À quoi me servit d’avoir été berné par les deux Parisiennes. — Les jeunes filles de Villers-Cotterets. — Mes trois intimes. — Premières amours.

Au reste, comme François Ier après la bataille de Pavie, je n’avais pas tout perdu après ma défaite.

D’abord, il me restait mes bottes et mon pantalon collant, ces deux objets de mes ardents désirs, lesquels étaient devenus, pour ces jeunes compagnons auxquels m’avait si cruellement renvoyé la belle Laure, un objet d’envie et d’admiration.

Puis, dans cette fréquentation, pendant quinze jours, de deux femmes élégantes, j’avais acquis cette première éducation que donnent seules les femmes. Cette éducation m’avait fait comprendre ce soin de moi-même qui, jusque-là, ne s’était jamais présenté à mon esprit comme une des nécessités de la journée qui s’ouvre et de la journée qui se ferme. Sous le ridicule orgueil de mon changement de toilette, sous ce malheureux essai tenté par moi, pauvre provincial, d’atteindre à l’élégance d’un Parisien, s’était glissé le premier sentiment de l’élégance réelle, c’est-à-dire de la propreté.

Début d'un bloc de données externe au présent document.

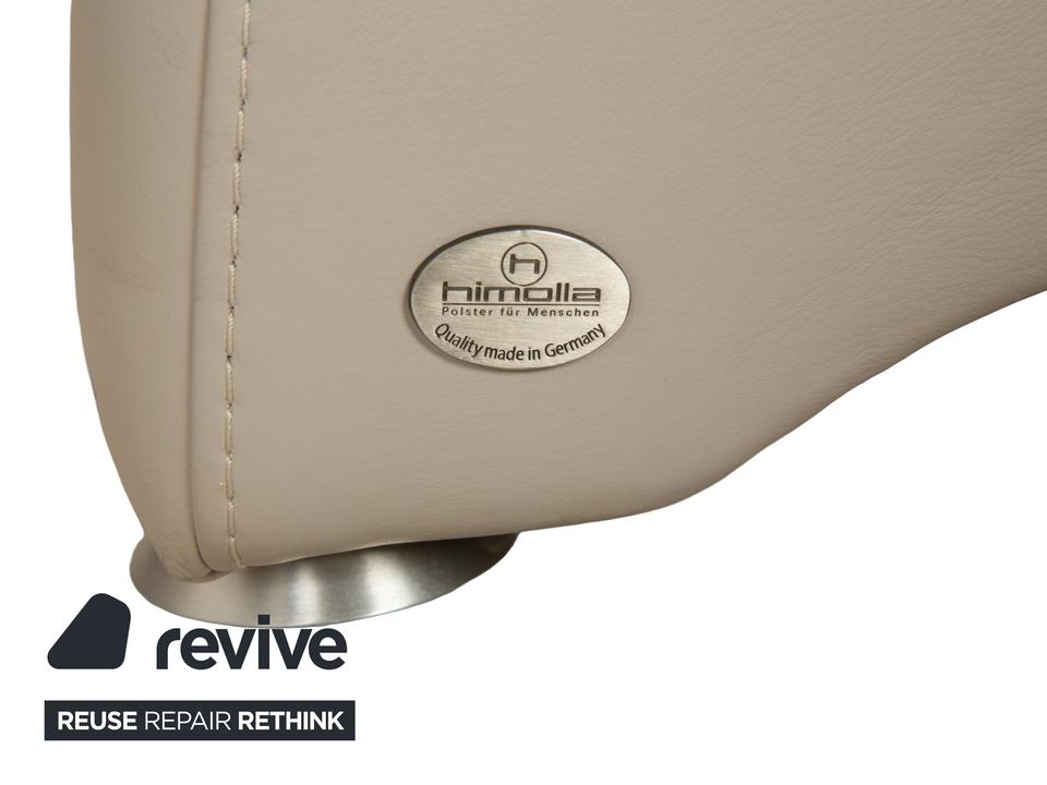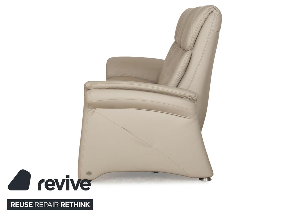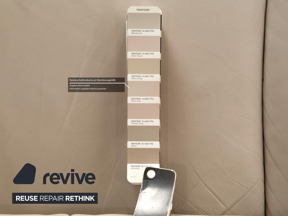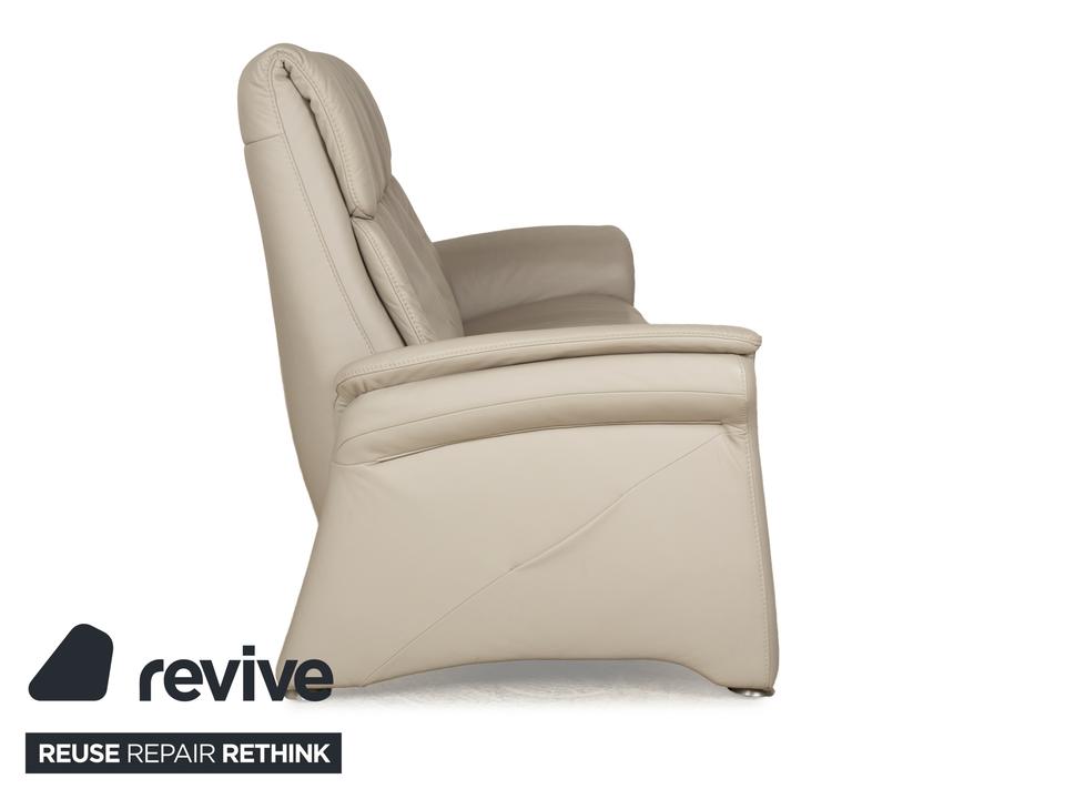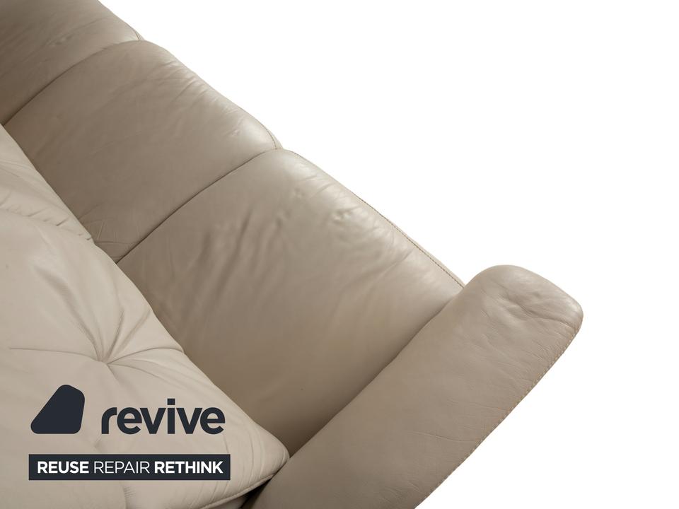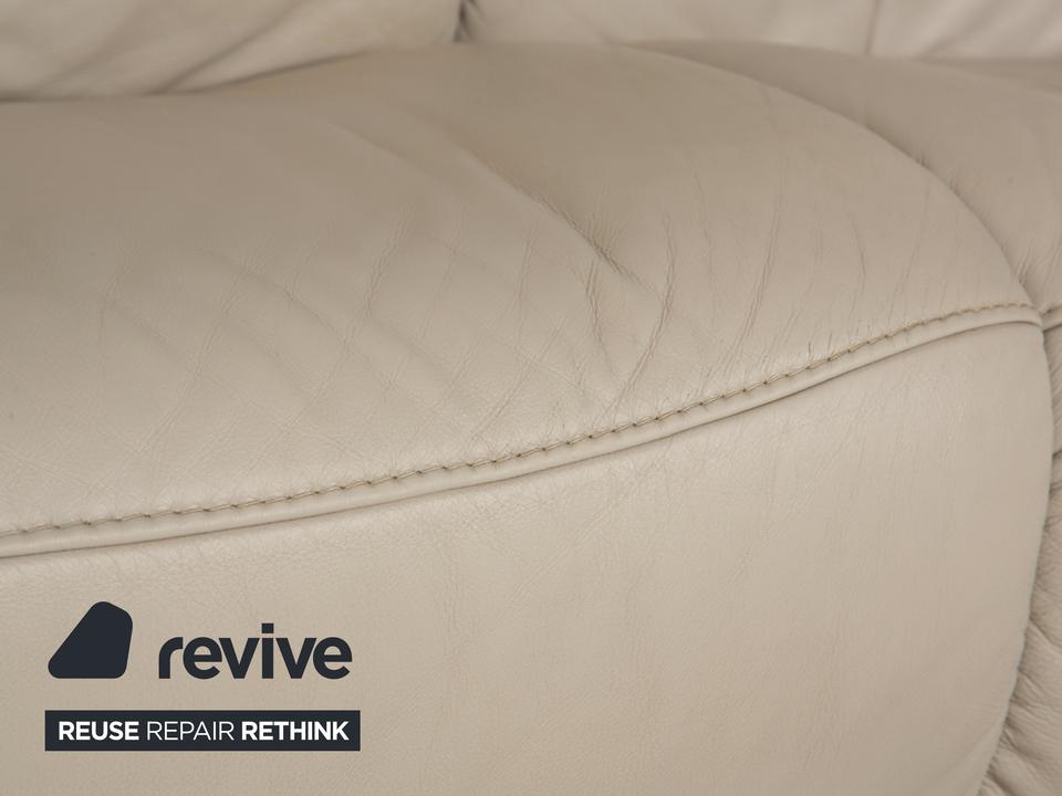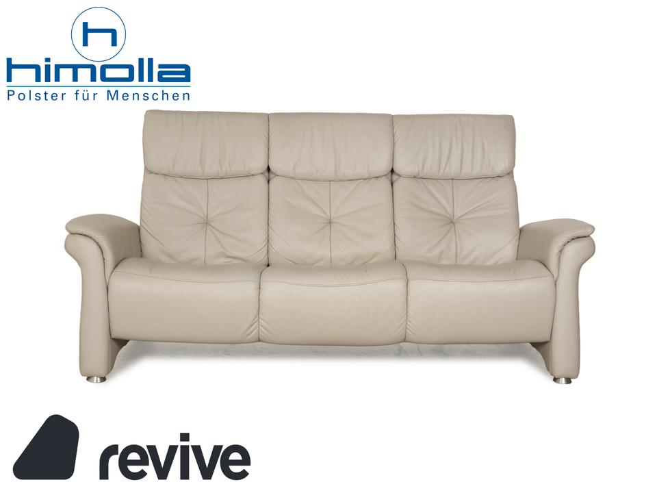 Das Sofa Cumuly von Himolla ist mit einem beigefarbenen Leder bezogen und steht auf nahezu bodentiefen Seitenteilen, die in eleganten Tellerfüßen aus Metall enden. Der Dreisitzer zeichnet sich durch sein klassisches, auf Komfort bedachtes Design aus – eine hohe Rückenlehne und breite Armlehnen versprechen großen Komfort. Dem Möbelstück haftet ein minimal wahrnehmbarer Rauchgeruch an.

J’avais les mains assez belles, les ongles bien faits, les dents fortes mais blanches, les pieds singulièrement petits pour ma taille. J’ignorais tous ces avantages ; mes deux Parisiennes me les firent remarquer, en me donnant des conseils qui devaient doubler la valeur de mes qualités naturelles. Ces conseils, que j’avais d’abord suivis pour leur plaire, je continuai à les suivre pour ma satisfaction personnelle ; de sorte qu’au moment de leur départ, j’avais en réalité franchi le passage qui sépare l’enfance de la jeunesse.

Il est vrai que ce passage avait été rude, et que je l’avais franchi les larmes aux yeux, conduit d’une main par la coquetterie, de l’autre par la douleur.